Neurons can be quick to fire while in their death throes. This may be because their reduced size gives them a shorter fuse, according to a study published November 13 in Neuron. Researchers led by Stefan Remy of the German Center for Neurodegenerative Diseases in Bonn reported that as amyloid plaques overrun the brain in a mouse model of Alzheimer’s disease, shrinking dendrites render hippocampal neurons small enough that they are more easily stimulated, firing more often. Both dendritic destruction and hyperactivity have been observed in the context of neurodegenerative diseases, including AD, but this study proposes a mechanistic link between the two processes.

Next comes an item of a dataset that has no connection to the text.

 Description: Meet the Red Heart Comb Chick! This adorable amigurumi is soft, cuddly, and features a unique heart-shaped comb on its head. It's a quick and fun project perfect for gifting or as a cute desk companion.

“Finding this structure-function relation is very exciting and represents a major advance in our understanding of how amyloid-β pathology alters brain function at the level of individual neurons,” Marc Busche of the Technical University of Munich wrote in a comment to Alzforum. “This novel mechanism may also have broad implications for other diseases that are associated with neurodegeneration.” Busche was not an author on the paper.
Burst Boost. Local field potentials measured in the hippocampus revealed network bursts in APP/PS1 mice (right) compared with the single action potentials seen in wild-type mice (left). [Image courtesy of Zuzana Šišková et al., Neuron, 2014.]

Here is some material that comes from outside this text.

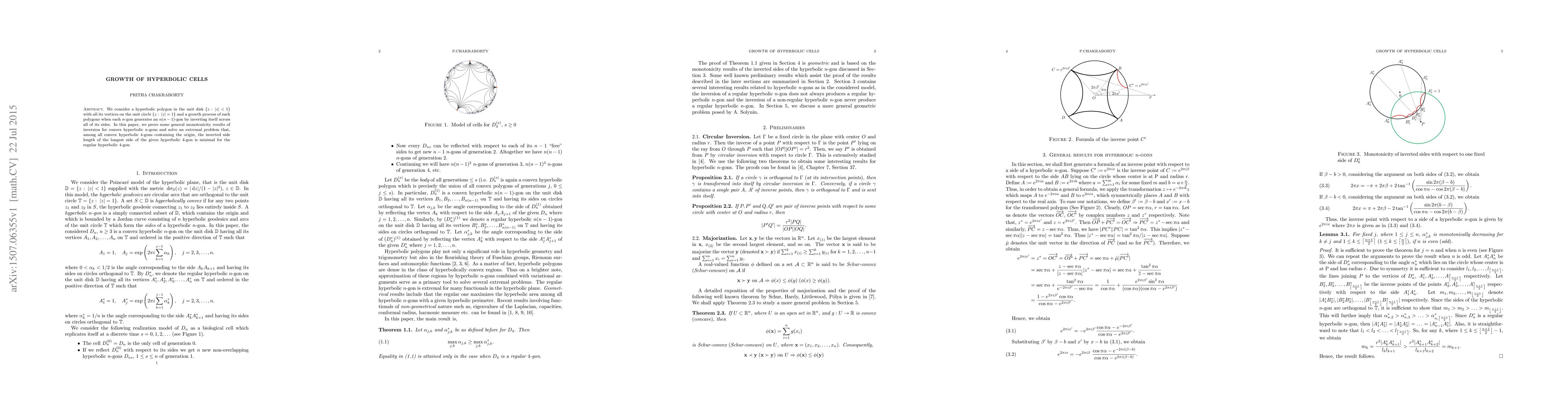 This paper explores the growth process of hyperbolic polygons in the unit disk, proving monotonicity results for inversion in convex hyperbolic $n$-gons and solving an extremal problem showing that the regular hyperbolic $4$-gon minimizes the longest side's inverted length among all convex hyperbolic $4$-gons containing the origin.

Long before neurons croak in the face of disease, they start to shrink and change shape, Remy told Alzforum. One characteristic change is the shrinkage of the dendritic arbor, which, like the branches of a tree, make up most of a neuron's surface area. Indeed, loss of dendritic branches has been observed in people with AD as well as in AD mouse models (see Oct 2004 news story and Grutzendler et al., 2007). In addition to these morphological changes, neuronal activity changes as disease progresses, and some neurons become more excitable (see Sep 2008 news story and May 2012 news story). However, understanding the relationship between morphological deterioration and changes to neuronal activation patterns has been difficult.
To connect the dots, Remy, an electrophysiologist, invoked a basic law of physics. “If you reduce the surface area of the cell membrane, you need less current to charge the membrane and trigger the neuron to fire,” he said. Remy hypothesized that the loss of dendritic branches in neurodegenerative disease would therefore boost neuronal excitability.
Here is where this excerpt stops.